### What to work on
Your task is to gather the lines below that hold the string "some".

### Records shown
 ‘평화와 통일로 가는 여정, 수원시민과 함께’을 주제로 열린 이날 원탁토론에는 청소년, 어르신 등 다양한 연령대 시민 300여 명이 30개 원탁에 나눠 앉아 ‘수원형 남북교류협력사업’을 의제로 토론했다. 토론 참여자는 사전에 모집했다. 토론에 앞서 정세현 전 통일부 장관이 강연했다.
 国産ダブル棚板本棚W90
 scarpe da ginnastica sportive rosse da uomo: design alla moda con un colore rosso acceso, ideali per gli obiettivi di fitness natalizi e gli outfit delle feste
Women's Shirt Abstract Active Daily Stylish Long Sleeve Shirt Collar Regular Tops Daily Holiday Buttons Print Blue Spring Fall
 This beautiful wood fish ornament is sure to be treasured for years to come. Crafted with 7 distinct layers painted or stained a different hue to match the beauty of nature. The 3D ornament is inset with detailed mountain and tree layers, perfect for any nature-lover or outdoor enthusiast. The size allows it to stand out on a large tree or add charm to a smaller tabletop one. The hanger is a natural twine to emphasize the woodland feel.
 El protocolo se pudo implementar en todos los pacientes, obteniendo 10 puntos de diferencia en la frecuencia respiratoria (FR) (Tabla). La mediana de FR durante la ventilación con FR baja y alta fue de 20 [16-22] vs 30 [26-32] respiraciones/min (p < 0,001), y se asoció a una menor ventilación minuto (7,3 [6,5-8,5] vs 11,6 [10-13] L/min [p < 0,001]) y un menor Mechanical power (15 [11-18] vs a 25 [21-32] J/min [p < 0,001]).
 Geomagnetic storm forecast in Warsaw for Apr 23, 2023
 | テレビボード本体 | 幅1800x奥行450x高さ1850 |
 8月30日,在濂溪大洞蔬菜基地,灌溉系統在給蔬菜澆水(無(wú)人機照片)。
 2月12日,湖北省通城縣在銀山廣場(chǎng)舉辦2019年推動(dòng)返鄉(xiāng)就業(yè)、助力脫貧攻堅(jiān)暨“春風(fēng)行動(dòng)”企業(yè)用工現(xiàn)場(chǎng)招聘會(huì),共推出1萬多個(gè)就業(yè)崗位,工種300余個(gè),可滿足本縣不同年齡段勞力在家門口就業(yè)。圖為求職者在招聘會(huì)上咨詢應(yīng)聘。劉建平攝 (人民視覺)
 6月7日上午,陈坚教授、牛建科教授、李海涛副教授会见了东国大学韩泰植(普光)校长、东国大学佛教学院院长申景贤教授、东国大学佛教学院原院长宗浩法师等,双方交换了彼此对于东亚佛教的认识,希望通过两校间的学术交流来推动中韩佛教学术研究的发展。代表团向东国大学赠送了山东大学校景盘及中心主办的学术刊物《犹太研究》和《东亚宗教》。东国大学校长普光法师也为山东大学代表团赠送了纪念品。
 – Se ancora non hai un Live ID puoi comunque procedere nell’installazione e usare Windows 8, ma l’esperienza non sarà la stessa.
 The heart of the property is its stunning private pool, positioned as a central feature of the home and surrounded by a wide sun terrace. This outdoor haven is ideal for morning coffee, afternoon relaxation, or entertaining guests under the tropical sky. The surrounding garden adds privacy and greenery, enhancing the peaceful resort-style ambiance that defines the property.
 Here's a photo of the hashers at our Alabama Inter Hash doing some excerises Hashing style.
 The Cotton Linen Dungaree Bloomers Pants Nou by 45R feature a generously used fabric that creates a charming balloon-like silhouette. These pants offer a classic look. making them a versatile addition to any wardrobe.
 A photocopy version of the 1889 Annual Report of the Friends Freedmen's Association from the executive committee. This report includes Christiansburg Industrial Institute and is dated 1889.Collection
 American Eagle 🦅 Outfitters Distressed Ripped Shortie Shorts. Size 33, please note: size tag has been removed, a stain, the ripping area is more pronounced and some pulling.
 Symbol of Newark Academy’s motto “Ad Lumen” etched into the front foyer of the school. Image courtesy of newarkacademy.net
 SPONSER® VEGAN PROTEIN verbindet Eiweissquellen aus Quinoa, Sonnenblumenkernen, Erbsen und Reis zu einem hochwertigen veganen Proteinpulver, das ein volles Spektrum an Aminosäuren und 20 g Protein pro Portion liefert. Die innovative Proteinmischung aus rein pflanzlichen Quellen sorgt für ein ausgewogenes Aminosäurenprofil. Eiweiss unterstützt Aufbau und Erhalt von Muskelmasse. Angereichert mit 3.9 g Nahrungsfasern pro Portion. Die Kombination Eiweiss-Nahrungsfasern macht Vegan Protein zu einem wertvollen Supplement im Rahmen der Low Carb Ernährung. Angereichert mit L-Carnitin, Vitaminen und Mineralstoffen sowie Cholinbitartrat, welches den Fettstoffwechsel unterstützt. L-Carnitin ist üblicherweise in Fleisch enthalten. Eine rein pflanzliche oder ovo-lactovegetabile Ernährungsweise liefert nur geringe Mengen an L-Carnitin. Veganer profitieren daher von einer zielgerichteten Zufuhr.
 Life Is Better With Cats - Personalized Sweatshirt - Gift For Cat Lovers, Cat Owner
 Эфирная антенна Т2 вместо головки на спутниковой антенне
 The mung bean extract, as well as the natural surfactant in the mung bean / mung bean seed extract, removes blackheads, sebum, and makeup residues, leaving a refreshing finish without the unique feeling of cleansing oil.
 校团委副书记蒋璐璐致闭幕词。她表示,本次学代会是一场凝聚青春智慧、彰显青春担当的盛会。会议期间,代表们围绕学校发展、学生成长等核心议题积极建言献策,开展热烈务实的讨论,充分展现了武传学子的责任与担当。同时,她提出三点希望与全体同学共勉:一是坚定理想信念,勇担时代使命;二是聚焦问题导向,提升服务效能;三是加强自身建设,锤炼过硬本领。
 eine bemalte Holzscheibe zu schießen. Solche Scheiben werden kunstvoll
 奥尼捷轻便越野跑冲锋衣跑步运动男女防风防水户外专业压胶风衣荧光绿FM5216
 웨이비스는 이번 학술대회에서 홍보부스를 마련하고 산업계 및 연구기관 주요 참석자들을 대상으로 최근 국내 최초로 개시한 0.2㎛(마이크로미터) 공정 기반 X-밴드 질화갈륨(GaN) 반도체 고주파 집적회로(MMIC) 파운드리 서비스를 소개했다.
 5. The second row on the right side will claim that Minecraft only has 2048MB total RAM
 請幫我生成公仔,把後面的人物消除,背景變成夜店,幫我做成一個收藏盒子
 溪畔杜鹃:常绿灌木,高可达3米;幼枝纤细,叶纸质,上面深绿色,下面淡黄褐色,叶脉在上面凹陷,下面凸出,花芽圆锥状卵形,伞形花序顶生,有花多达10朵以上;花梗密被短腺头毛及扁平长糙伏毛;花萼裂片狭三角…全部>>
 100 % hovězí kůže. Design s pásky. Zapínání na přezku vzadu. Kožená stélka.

### Exercise solution
 Here's a photo of the hashers at our Alabama Inter Hash doing some excerises Hashing style.
 American Eagle 🦅 Outfitters Distressed Ripped Shortie Shorts. Size 33, please note: size tag has been removed, a stain, the ripping area is more pronounced and some pulling.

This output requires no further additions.